This article originally appeared in National Newswatch.

By Nigel Rawson and John Adams, September 19, 2025

About 11,000 rare diseases have been identified. Individually, each disease affects from fewer than 100 to a few thousand Canadians. In total, these diseases afflict up to three million. The exact cause of many is unknown. But it’s clear that inadequate access to treatment in Canada is driven by government policy.

Canadians with rare diseases face several burdens: mental and/or physical impairments, medical and caregiver needs, and frequently much suffering and early death. The direct and indirect economic burdens are significant for patients, unpaid family caregivers, the health-care system, and society as a whole.

Historically, little could be done to treat almost all rare diseases but, in the last 40 years, more therapies have been created. Development accelerated in 1983 following the passing of the world’s first Orphan Drug Act in the United States, which introduced incentives to stimulate research and development of small-market medicines. The Act succeeded; over 5,000 drugs for rare diseases (DRD) were approved between 1983 and 2019. Mapping of the human genome first completed in 2003 also stimulated therapy development. Gene and cell therapies now offer significant advances for some rare diseases.

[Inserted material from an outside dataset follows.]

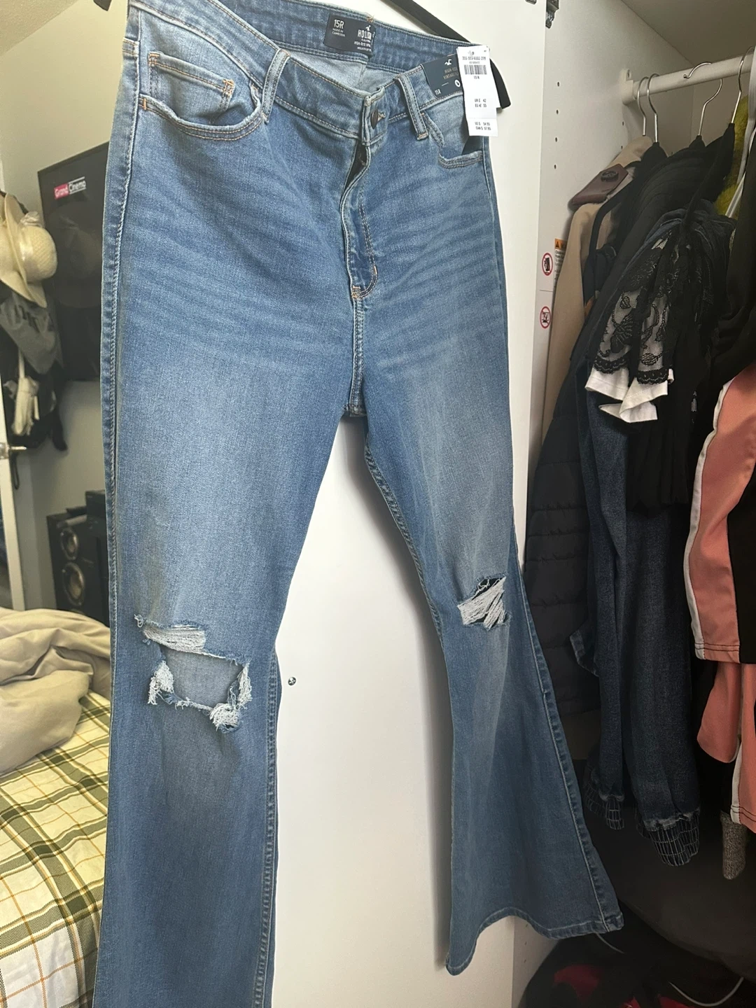 Up for grabs are a pair of Hollister High Rise Vintage Flare jeans! They're a size 15R and feature a stylish, ripped design. Originally bought for $57.95 Pay by cash please

Nevertheless, only about five percent of rare diseases have specific therapies and are generally expensive per patient. High prices are charged because most potential therapies don’t make it to market due to efficacy or safety issues. Those that do have high research, development, manufacturing, and regulatory compliance costs but will only be used by a small number of patients from whom to recoup costs and reward investors.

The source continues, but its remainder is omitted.